[MATERIAL FOR THIS EXERCISE]

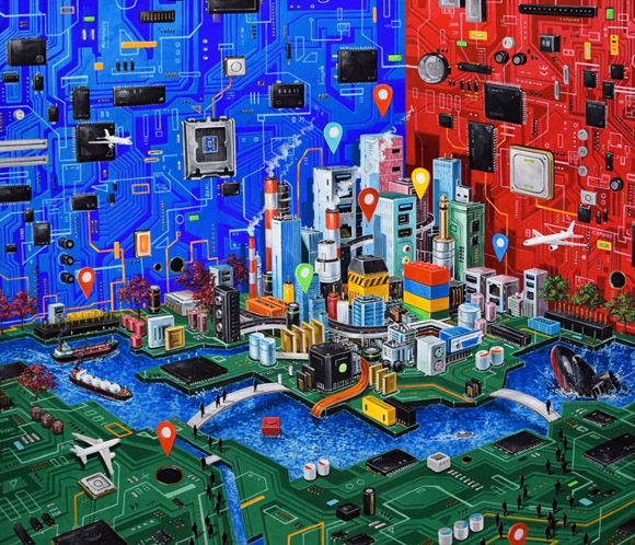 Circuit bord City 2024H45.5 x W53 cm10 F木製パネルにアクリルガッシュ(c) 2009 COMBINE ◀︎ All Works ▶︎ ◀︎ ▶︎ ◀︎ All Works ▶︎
---
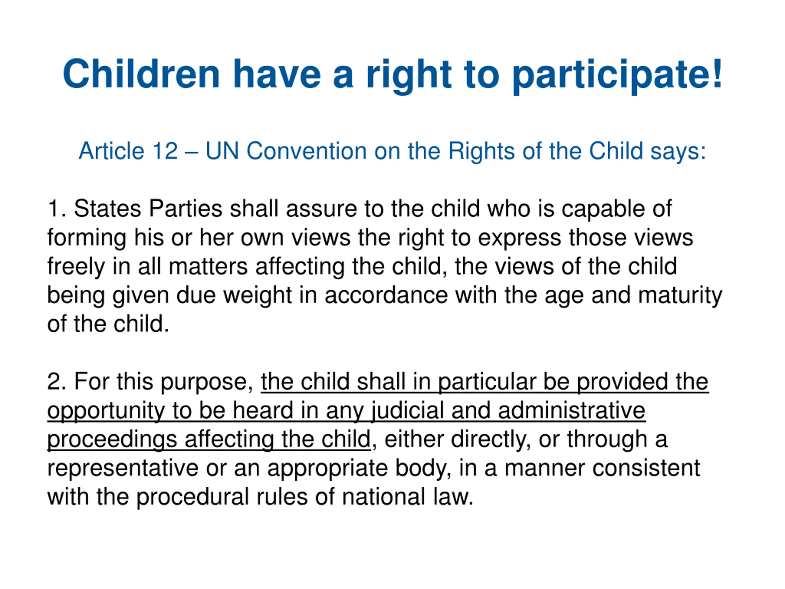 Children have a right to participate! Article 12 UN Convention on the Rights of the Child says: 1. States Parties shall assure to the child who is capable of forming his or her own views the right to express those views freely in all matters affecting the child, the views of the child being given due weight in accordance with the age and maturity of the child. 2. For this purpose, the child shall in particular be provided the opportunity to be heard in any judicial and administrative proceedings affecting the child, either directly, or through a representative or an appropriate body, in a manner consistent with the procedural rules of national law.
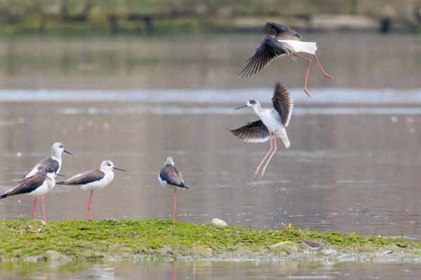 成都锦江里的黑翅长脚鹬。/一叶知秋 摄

[BRIEF] Print, exactly, each line above from the one with "Children have a" to the one with "成都锦江里的黑翅长脚鹬。/一叶知秋 摄", end lines included. Leave pictures out of it.

[YOUR RESPONSE]
 Children have a right to participate! Article 12 UN Convention on the Rights of the Child says: 1. States Parties shall assure to the child who is capable of forming his or her own views the right to express those views freely in all matters affecting the child, the views of the child being given due weight in accordance with the age and maturity of the child. 2. For this purpose, the child shall in particular be provided the opportunity to be heard in any judicial and administrative proceedings affecting the child, either directly, or through a representative or an appropriate body, in a manner consistent with the procedural rules of national law.
 成都锦江里的黑翅长脚鹬。/一叶知秋 摄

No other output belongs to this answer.